Exercise prompt: The output is a word-for-word repeat of the listing below, free of images.

Given records:

::::::::::

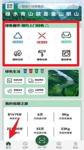3. 完成登录操作后,系统会默认跳转到首页。在首页的“绿色循环预约上门回收”区域,用户能够选择所需的回收类型。
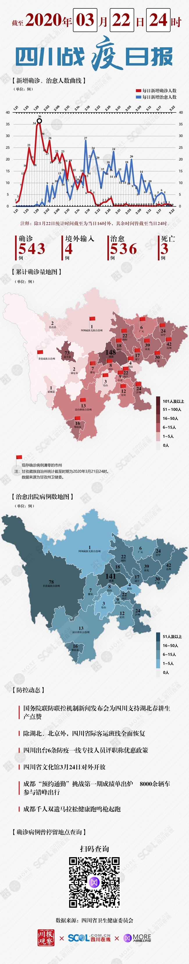 截至3月23日0时,四川省累计报告新型冠状病毒肺炎确诊病例543例(其中4例为境外输入病例),涉及21个市(州)。
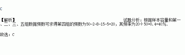 已知在一个样本中,50个数据分别落在5个组内,第一、二、三、五组数据频数分别为2、8、15、5,则第四组数据的频数和频率分别为( )
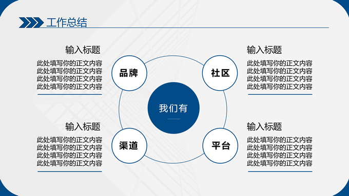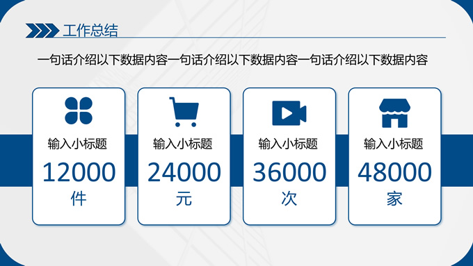 简介:蓝色简约商务年终汇报总结ppt模板,本模板共13P,整体采用蓝色简约风格,目录页、过渡页、多段内容页、数据页、合作伙伴页、时间轴页,极简约版式内容页,支持一键换色和更换字体,适合商务工作计划、企业工作汇报、工作总结等场景应用的商务通用ppt模板,P界达人 MF 作品。
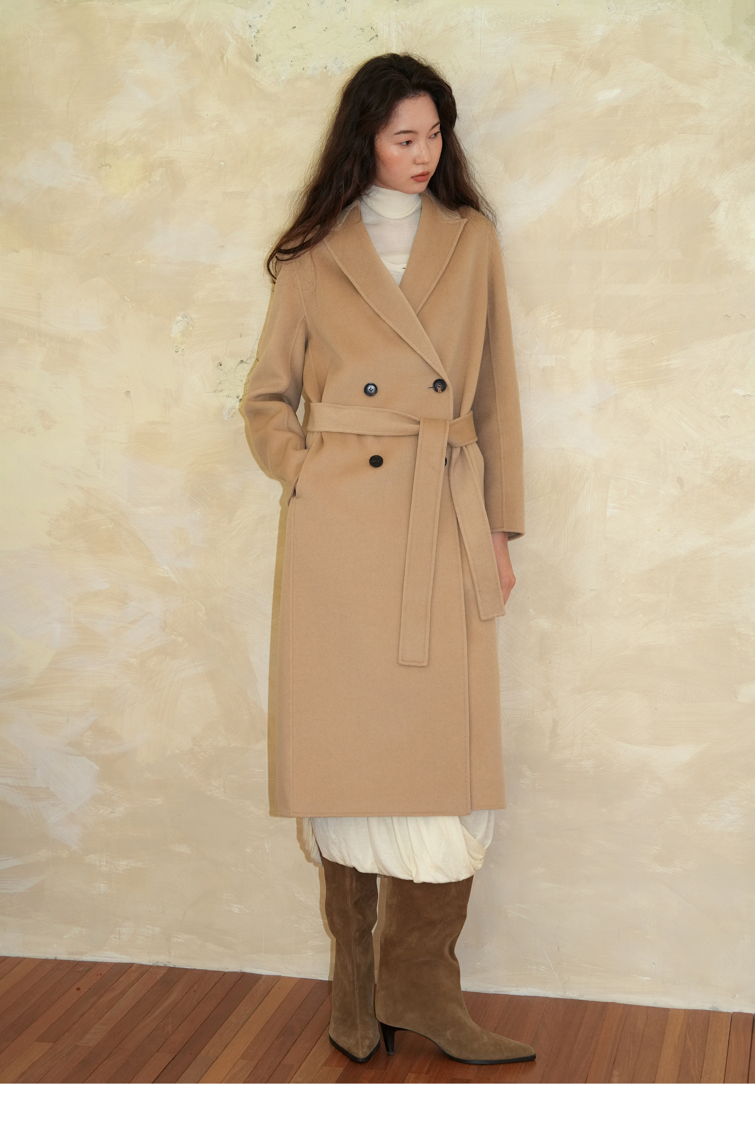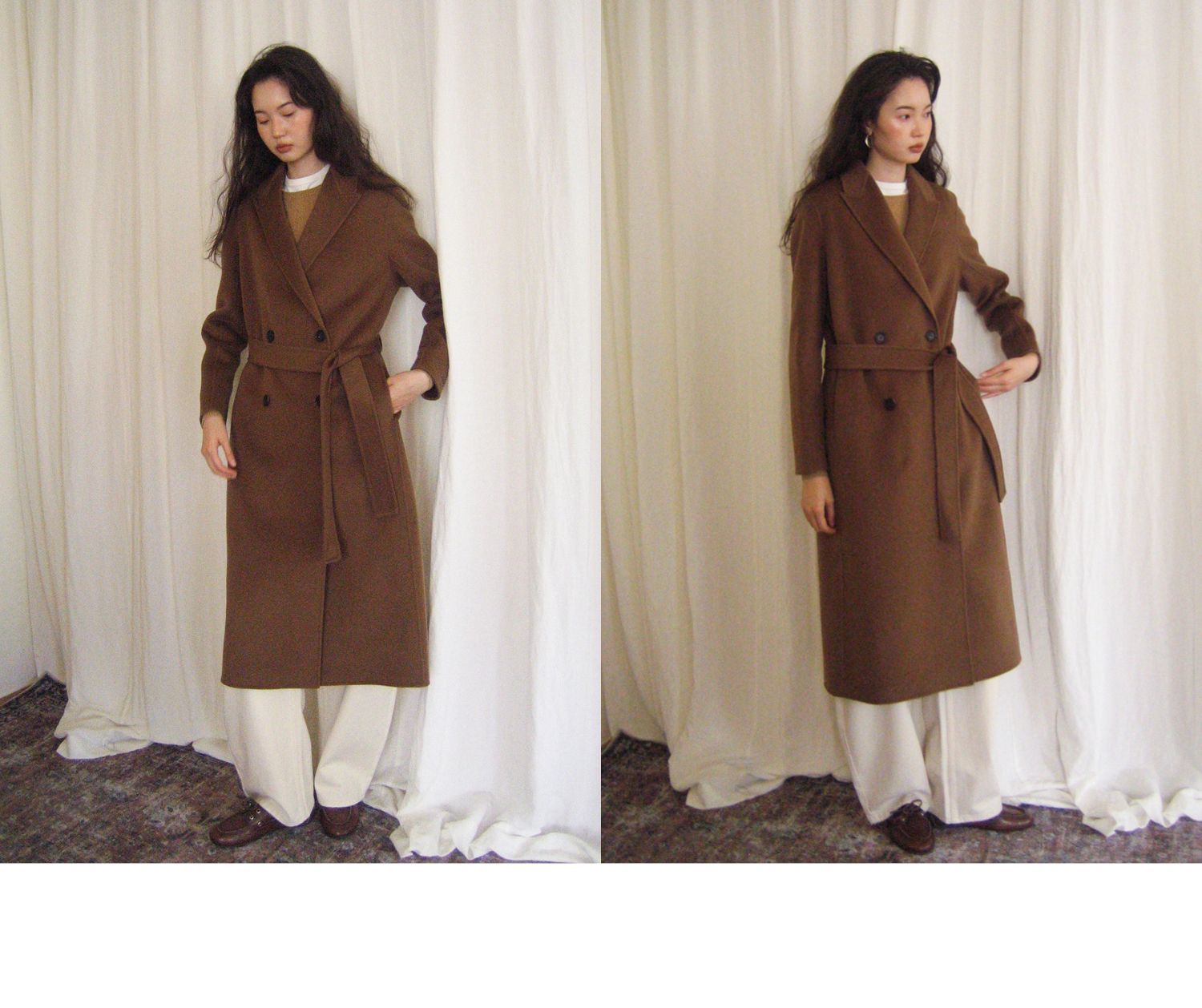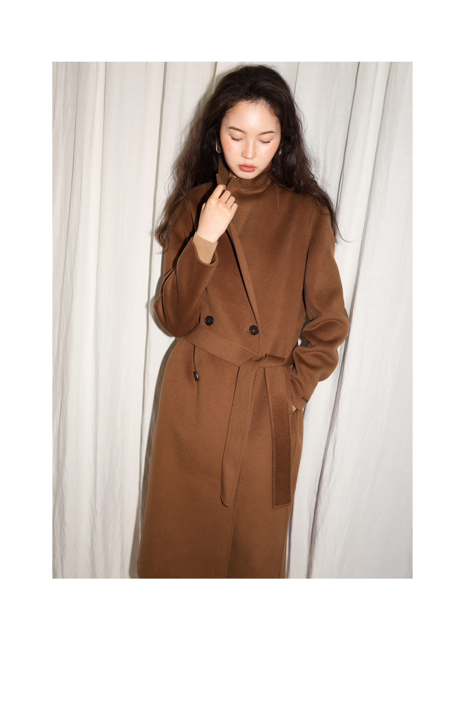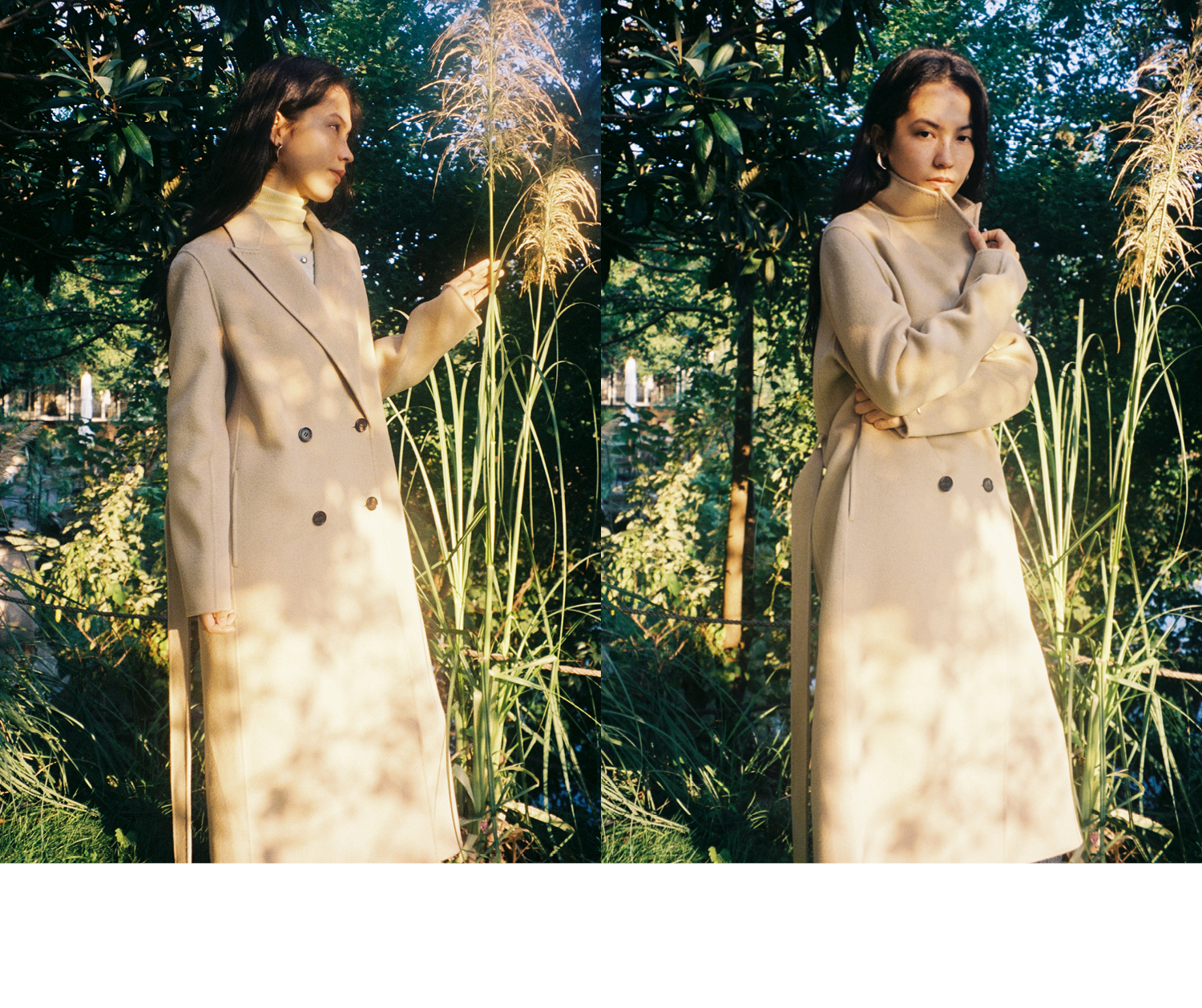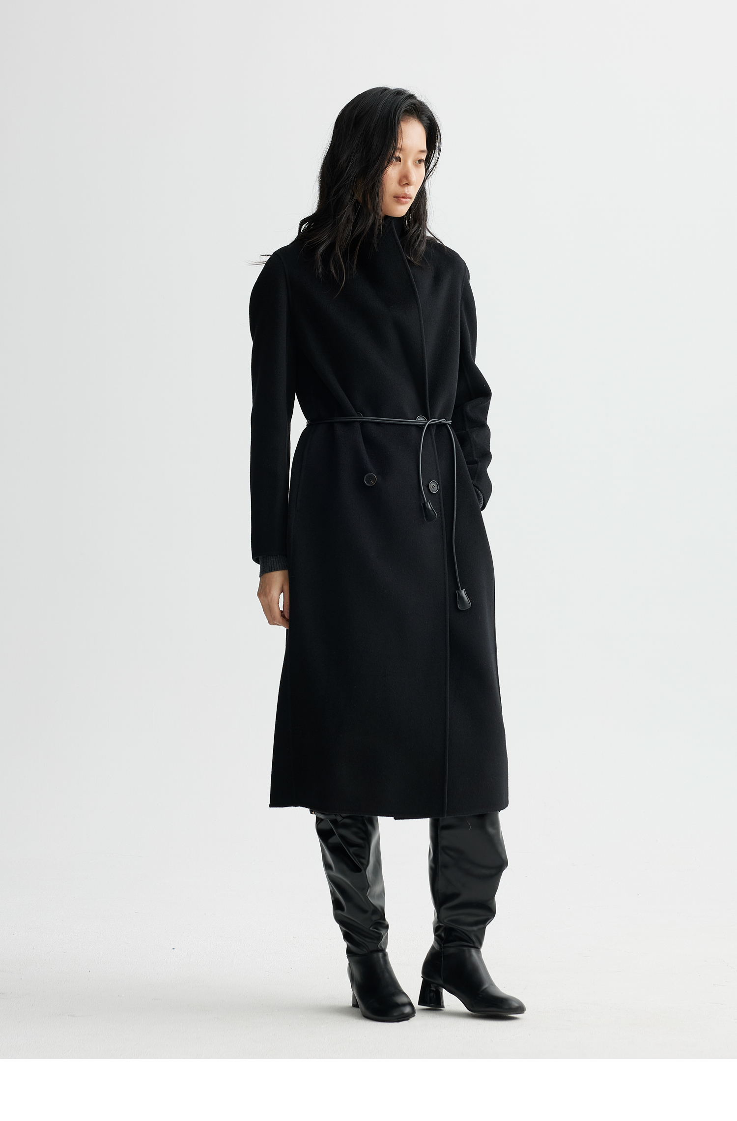 素舶 重磅细支绵羊毛精巧剪裁正肩枪驳领小个子显高双面呢大衣

::::::::::

Written answer:
3. 完成登录操作后,系统会默认跳转到首页。在首页的“绿色循环预约上门回收”区域,用户能够选择所需的回收类型。
 截至3月23日0时,四川省累计报告新型冠状病毒肺炎确诊病例543例(其中4例为境外输入病例),涉及21个市(州)。
 已知在一个样本中,50个数据分别落在5个组内,第一、二、三、五组数据频数分别为2、8、15、5,则第四组数据的频数和频率分别为( )
 简介:蓝色简约商务年终汇报总结ppt模板,本模板共13P,整体采用蓝色简约风格,目录页、过渡页、多段内容页、数据页、合作伙伴页、时间轴页,极简约版式内容页,支持一键换色和更换字体,适合商务工作计划、企业工作汇报、工作总结等场景应用的商务通用ppt模板,P界达人 MF 作品。
 素舶 重磅细支绵羊毛精巧剪裁正肩枪驳领小个子显高双面呢大衣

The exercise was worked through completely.